For roughly 0.5 percent of assets, companies like Morningstar and Financial Engines will create a balanced portfolio for your 401(k) and make sure it stays balanced. Employees whose companies use Vanguard Investments to run their 401(k) plans can sign up for One-Step, a program that automatically enrolls employees in their 401(k)s, increases contributions every year, chooses investments and rebalances the portfolio regularly. Even without the management option, a decent 401(k) now offers solid management advice, tailored to individuals and available online 24/7, through the same companies that are also starting to offer management.

There are lots of new investment choices, too. Many plans let confident investors buy anything they want for their 401(k)s. The good plans offer almost 20 mutual fund choices, including indexed funds, managed funds that invest in stocks and bonds, and a stable value, or guaranteed return, choice. They include some kind of pre-mixed mutual funds (usually called lifecycle, lifestyle or target retirement) for employees who don’t want to make their own decisions.

Those funds should be good and cheap, and are available from a variety of fund companies. Check your plan’s offerings against other funds in the same categories at Morningstar.com; they should perform in the top half for return and the bottom half for cost. The average management fee for a large cap stock fund is 1.26 percent a year; your 401(k) should have choices that are far cheaper than that.

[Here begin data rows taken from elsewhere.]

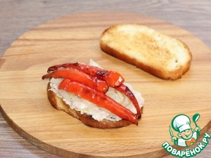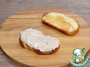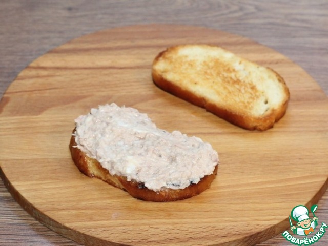5. Половину хлеба (3 ломтика) смажьте этой смесью.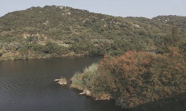 在水域附近有细叶榄仁、美丽异木棉、榕树等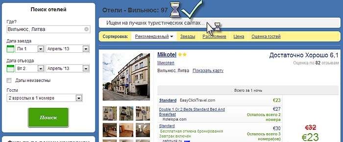 Поиск гостиниц осуществляется по лучшим базам всего мира для гарантии оптимальной цены. В одной системе объединены поиск по отелям, недорогим хостелам и частным апартаментам, что дает возможность широкого выбора. Поэтому сам поиск может занять немного времени. Дождитесь его окончания – это того стоит. Продолжение инструкции. Читайте далее:

Most employers kick in some of their own cash. The typical company contribution averages 3 percent of employee pay, by matching half of employee’s contributions, up to 6 percent of pay, reports the Employee Benefit Research Institute. Enron and its aftermath cured most companies of requiring employees to hold company stock: if your plan is still stuffed with it, that’s your fault, because you should be able to sell it right away. Employee matches might be going up soon, too. New pension rules will encourage employers to increase matches to 4 percent for participants, or to give even 3 percent of income to those who don’t sign up for the 401(k).

If you don’t like what you see, talk before you walk. “I’ve seen employers add new bells and whistles just because one or two employees asked for it,” says David Huntley of HR Investment Consultants. If your boss won’t make it better, at least participate to get the match. No sense leaving money on the table.